# Source / Discovery Tracking Schema

**Purpose**: record *where each source was discovered* (which account / surface), so high-yield curators are identified and can be revisited deliberately.
**Optional by design**: the `discovery:` block is OPTIONAL. Its absence is normal and never an error (see §0).

Tooling: `aiwg corpus discovery-log` (record), `aiwg corpus curator-init` (scaffold PROF-S), `aiwg corpus curator-status` (yield + orphans). Read views: `by-source`, `by-curator` (rendered by `aiwg index build`).

---

## 0. Optionality & exemptions (read first)

Discovery metadata is best-effort signal, not a required field. Three cases where it is legitimately absent — none are gaps, none are flagged by audits:

| Case | State | Treatment |
|------|-------|-----------|
| **Legacy refs** (inducted before source-tracking adoption) | no `discovery:` block | Normal. Not backfilled. Audits ignore. |
| **Operator-direct** (you brought the paper/source directly) | `surface: direct`, `curator-id: null` (or block omitted) | First-class, curator-less. Never an orphan. |
| **Curator unknown** (found via search/feed with no clear account) | `surface: x-search`/`x-foryou`/…, `curator-id: null` | Surface recorded, curator left null. Fine. |

Only set a `curator-id` when a source genuinely came through a named, repeatable curator worth returning to. When in doubt, record the `surface` and leave `curator-id` null.

---

## 1. Per-paper: `discovery:` block (citation sidecar)

Added to `documentation/citations/REF-XXX-citations.md` frontmatter:

```yaml
discovery:
  date: 2026-05-25                 # when the source was first surfaced
  surface: x-account               # controlled vocab — see below
  via: "x.com/@askalphaxiv"        # human-readable origin (account/URL/feed)
  curator-id: PROF-S-askalphaxiv   # link to curator profile; null if no curator
  harvest-batch: 2026-05-25-morning # optional: groups a harvesting session
  harvested-by: claude-opus-4-7    # agent/human that performed the harvest
```

All fields except `date` and `surface` are optional.

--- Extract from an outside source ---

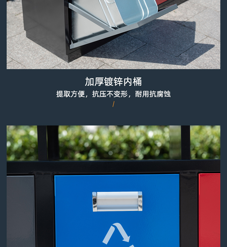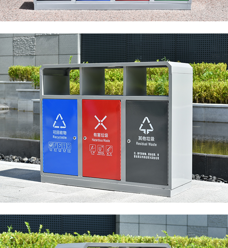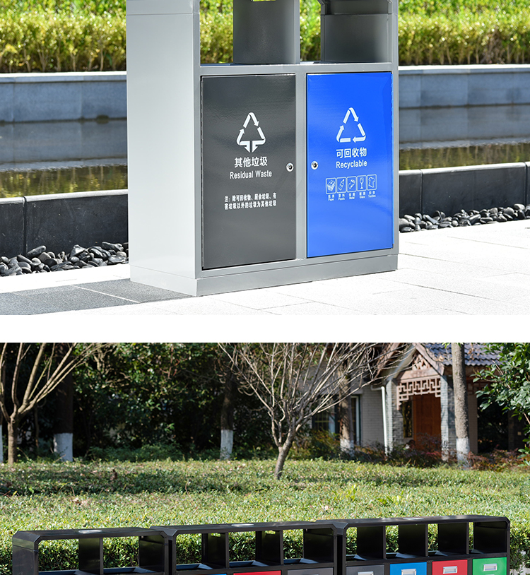Thùng rác ngoài trời thép gỗ ngoài trời hộp thép không gỉ vỏ hộp phong cảnh công viên tài sản phân loại vệ sinh thùng rác lớn

### `surface` controlled vocabulary

| Value | Meaning |
|-------|---------|
| `x-account` | A specific X account's timeline (curator) |
| `x-search` | X search results (query-driven, often no curator) |
| `x-bookmarks` | Operator's own X bookmarks |
| `x-foryou` | X "For You" algorithmic feed |
| `x-following` | X "Following" feed |
| `rss` | RSS/Atom feed |
| `newsletter` | Email newsletter / digest |
| `web` | Direct web browsing / blog |
| `referral` | Cited by / linked from another corpus paper |
| `direct` | Operator supplied directly (no discovery surface) |

> Distinct from radar `sources-searched` (surfaces queried *during a freshness refresh*): `discovery` records the surface a paper was *originally found through*. They are orthogonal.

---

## 2. Curator: `PROF-S-` source profile

A `source` value in the entity-profile `type` enum, stored in `documentation/profiles/sources/PROF-S-{slug}.md` (see the `source-profile` template).

- **slug** = handle lowercased, leading punctuation stripped, `_`→`-` (`@_akhaliq` → `PROF-S-akhaliq`).
- **`corpus-refs`** = inducted REFs discovered via this curator (NOT candidates).
- **`signal-quality`** = curator signal density (A = paper-per-post, high relevance; … D = low), graded A–D.
- **`revisit-cadence`** = `daily | weekly | biweekly | monthly | on-demand`.

"Good accounts to return to" = PROF-S ranked by **return-to score** (inducted-ref count × avg surfaced-paper GRADE) — see `aiwg corpus curator-status`.

---

## 3. Bidirectionality + orphan rule

When a paper is inducted with `discovery.curator-id: PROF-S-x`:
1. Add the REF to `PROF-S-x` frontmatter `corpus-refs:` and its §2 "Sources Surfaced" table.
2. The sidecar's `discovery.curator-id` IS the backlink (no separate REF-doc edit).
3. Recompute the curator's yield stats.

A PROF-S referenced by a sidecar's `discovery.curator-id` but missing that REF in its `corpus-refs` is a **curator orphan** — flagged by `curator-status` (and `research-lint`). **The check fires only when `curator-id` is set**; a missing/`null`/`direct` discovery block is never an orphan (it is simply outside the discovery graph).

---

## 4. Candidate (pre-induction) curator records

Curator profiles may be seeded before their surfaced papers are inducted:
- `corpus-refs: []` (empty until induction)
- record observed candidate yield under §2 "Candidate Sources Surfaced (not yet inducted)".
- As candidates induct, move them into `corpus-refs` + the "Sources Surfaced" table.